Science, as far as it is useful, is counter-intuitive.
Our intuition is based on survival--we don't see things as they are, we see them the way that most likely allows our survival. Intuition is powerful, it's real, but it does not have a cozy relationship with reality.
The natural world gives no credence for our humanness, no more than it gives a squirrel for its squirreliness. We live, we sometimes reproduce, we die.
Last night, just past midnight, woken up by the howling northwest breeze that announced winter's arrival, I remembered that I had left a tub of pond water out back. (Every year I drag in about 8 gallons of pond water, ostensibly to save elodea for next spring, but more because dancing daphnoa help get me through late winter.)
I pulled on a sweatshirt, didn't bother with shoes, and dragged my bucket full of elodea and daphnia and countless other organisms, down into the basement. I could pretend that imagining the slow freezing of thousands of creatures that bring me joy each time I peek at a drop of water under my microscope had nothing to do with it.

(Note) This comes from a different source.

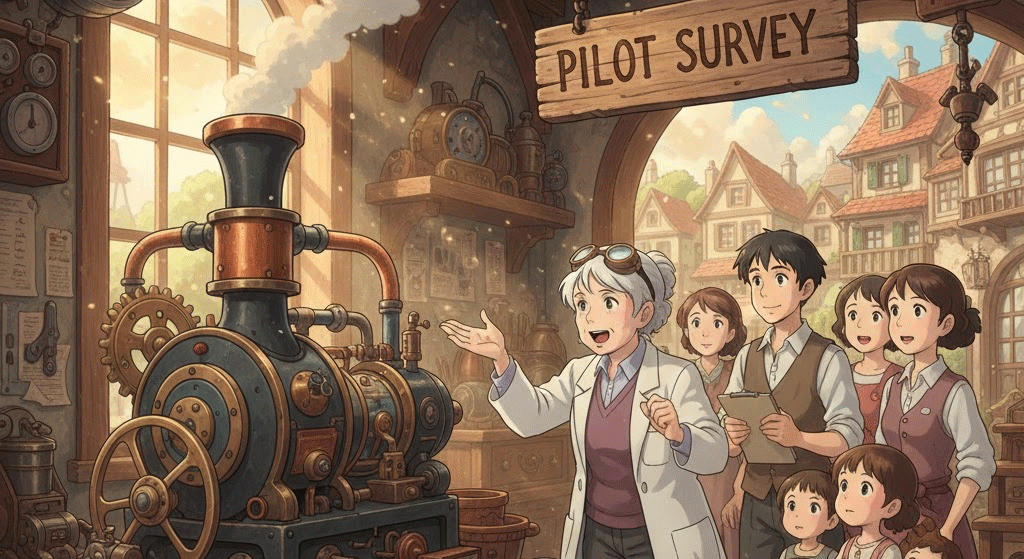본격적인 대규모 조사를 시작하기 전에, 설문 문항의 적절성이나 조사 방법의 문제점을 미리 파악하고 수정하기 위해 소규모로 먼저 실시해보는 시험 조사를 의미합니다.

The race of sharply outlined clouds against the unexpectedly bright half moon hanging up in the east. There are times I become, briefly, comfortably feral.
The pond is freezing over now, and winter is settling in. I got kids to teach, but before I teach them how they relate to the world, I need to teach them that they are of this world. Of this clay. Of this light. Of this whatever it is that started nearly 14 billion years ago.
We're losing our sense of what matters.